→ **Information supplied**:
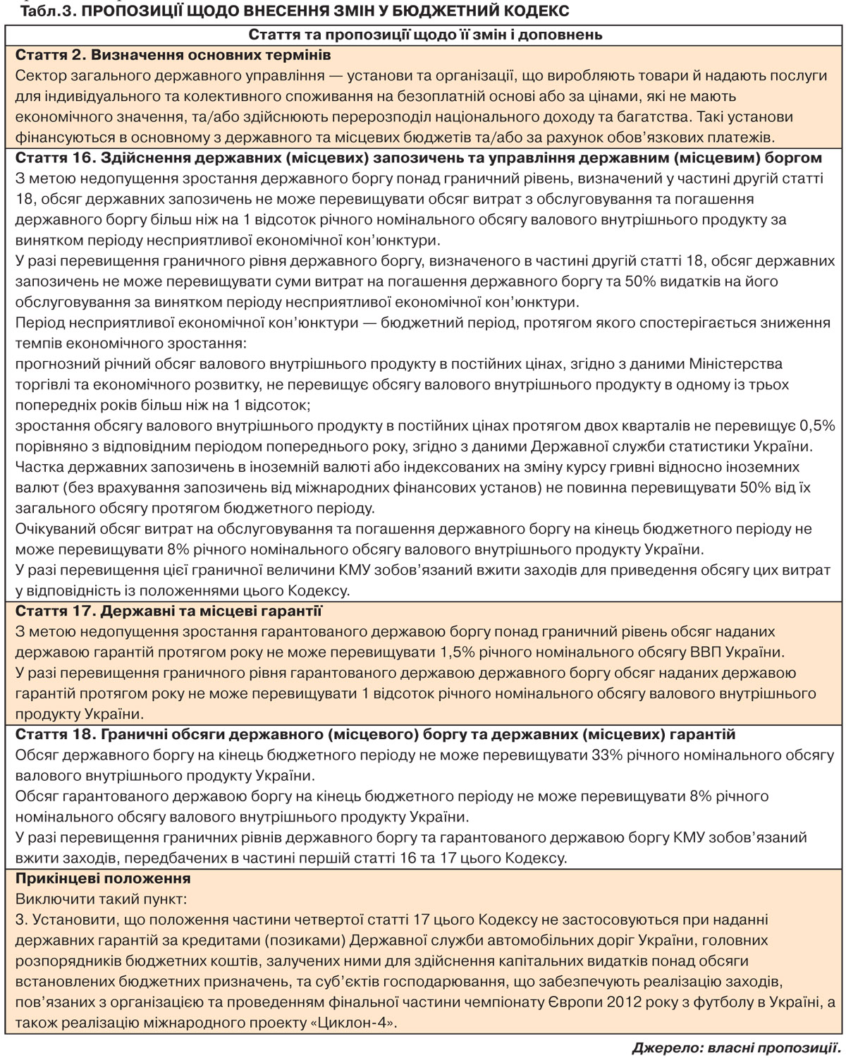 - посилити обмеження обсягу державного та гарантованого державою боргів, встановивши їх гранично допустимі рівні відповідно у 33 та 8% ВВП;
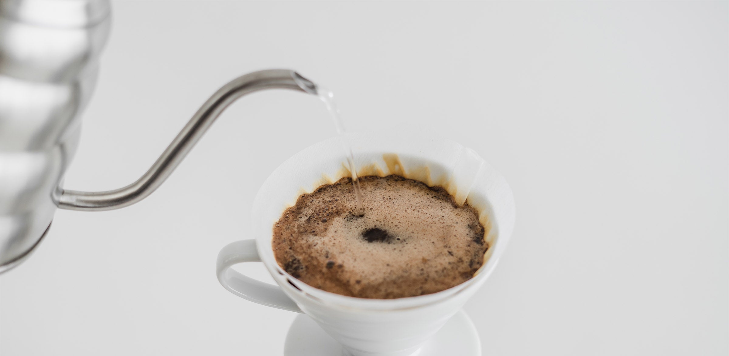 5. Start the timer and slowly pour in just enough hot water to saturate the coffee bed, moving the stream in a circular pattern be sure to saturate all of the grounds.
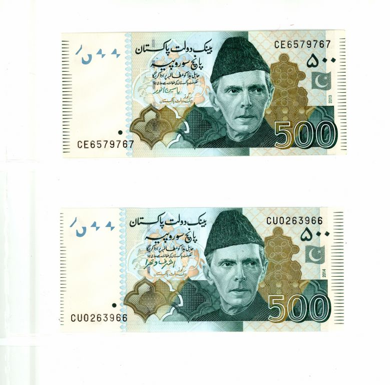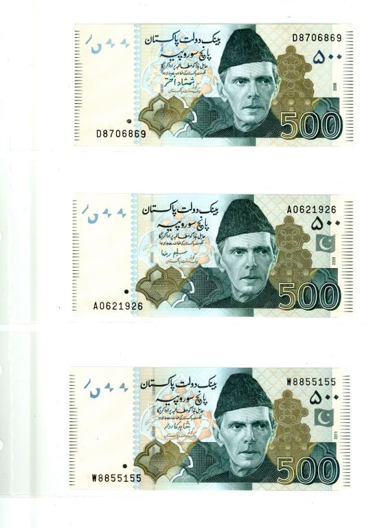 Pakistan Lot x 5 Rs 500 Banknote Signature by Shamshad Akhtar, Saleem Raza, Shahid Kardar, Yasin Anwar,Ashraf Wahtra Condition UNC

→ **Instructions to follow**:
Restate exactly, please, only the lines between the start of the data and the line containing "5. Start the", both ends included, skipping the pictures.

→ **Response to this exercise**:
 - посилити обмеження обсягу державного та гарантованого державою боргів, встановивши їх гранично допустимі рівні відповідно у 33 та 8% ВВП;
 5. Start the timer and slowly pour in just enough hot water to saturate the coffee bed, moving the stream in a circular pattern be sure to saturate all of the grounds.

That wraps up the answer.